The most popular programming languages among the Harvard Dataverse repository users are Stata and R, as shown from the frequency of deposited code files in Fig. 1.

Also,

We find that 74% of R files failed to complete without error in the initial execution, while 56% failed when code cleaning was applied

-------------------------------------------
Richard Williams, Notre Dame Dept of Sociology
StataNow Version: 19.5 MP (2 processor)
EMAIL: [email protected]
WWW: https://www3.nd.edu/~rwilliam
Tags: None

4 likes
Jared Greathouse

Join Date: Sep 2021

Posts: 2170
#2

02 Dec 2022, 08:55

You'd think with all the talk about open source software, e.g. R and Python, that these would run the best, most of the time, and that the dated, proprietary software would exhibit the most problems..... but nope!!!!! Stata outpaces those time and again, and surprise, surprise. For the money, and for the capabilities, it's the best stats software around, in my opinion, by far.
3 likes
Comment
Nick Cox

Join Date: Mar 2014

Posts: 35651
#3

02 Dec 2022, 10:12

I think the main claim here about open source software is not that it always works if poorly used, but that all debugging is a democratic possibility as absolutely all code is downloadable for free and perfectly accessible.
2 likes
Comment
Richard Williams

Join Date: Apr 2014

Posts: 4983
#4

02 Dec 2022, 10:54

I'm surprised at the high error rate (which, in fairness, is only computed for R, not Stata). I'm fairly compulsive about results being replicable if I post the code. If Stata code produces errors I bet the most likely cause would be a failure to install routines from SSC or elsewhere, and/or a failure to use version control. I wonder too if some code tells you what needs to be modified (e.g. file locations) but the tests aren't done with those required changes.
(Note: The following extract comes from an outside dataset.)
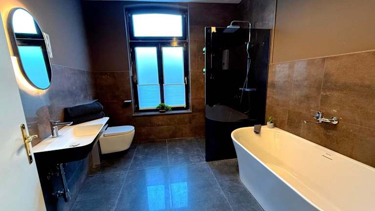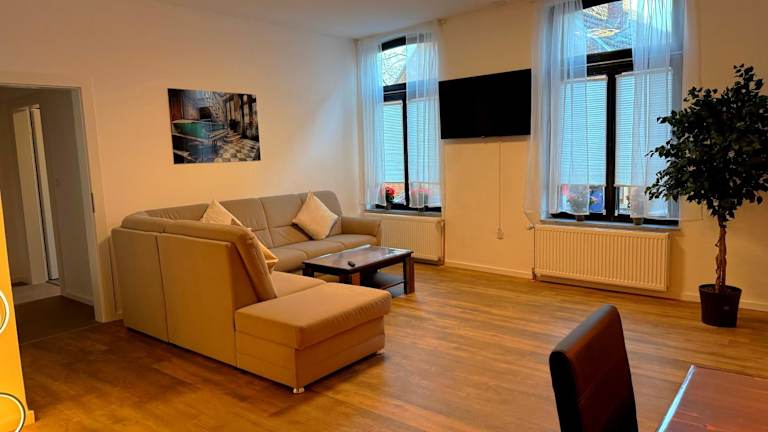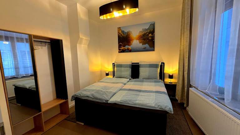 Die Ferienwohnung Logis-Apartment bietet Platz in zwei Schlafzimmern sowie einer voll ausgestatteten Küche und zwei Badezimmern. Zudem ist die Unterkunft eine Nichtraucherunterkunft und eignet sich nicht für Junggesellen- oder Junggesellinnenabschiede.

-------------------------------------------
Richard Williams, Notre Dame Dept of Sociology
StataNow Version: 19.5 MP (2 processor)
EMAIL: [email protected]
WWW: https://www3.nd.edu/~rwilliam
Comment
Leonardo Guizzetti

Join Date: Jul 2016

Posts: 2400
#5

02 Dec 2022, 11:01

Originally posted by Richard Williams View Post

I'm surprised at the high error rate (which, in fairness, is only computed for R, not Stata). I'm fairly compulsive about results being replicable if I post the code. If Stata code produces errors I bet the most likely cause would be a failure to install routines from SSC or elsewhere, and/or a failure to use version control. I wonder too if some code tells you what needs to be modified (e.g. file locations) but the tests aren't done with those required changes.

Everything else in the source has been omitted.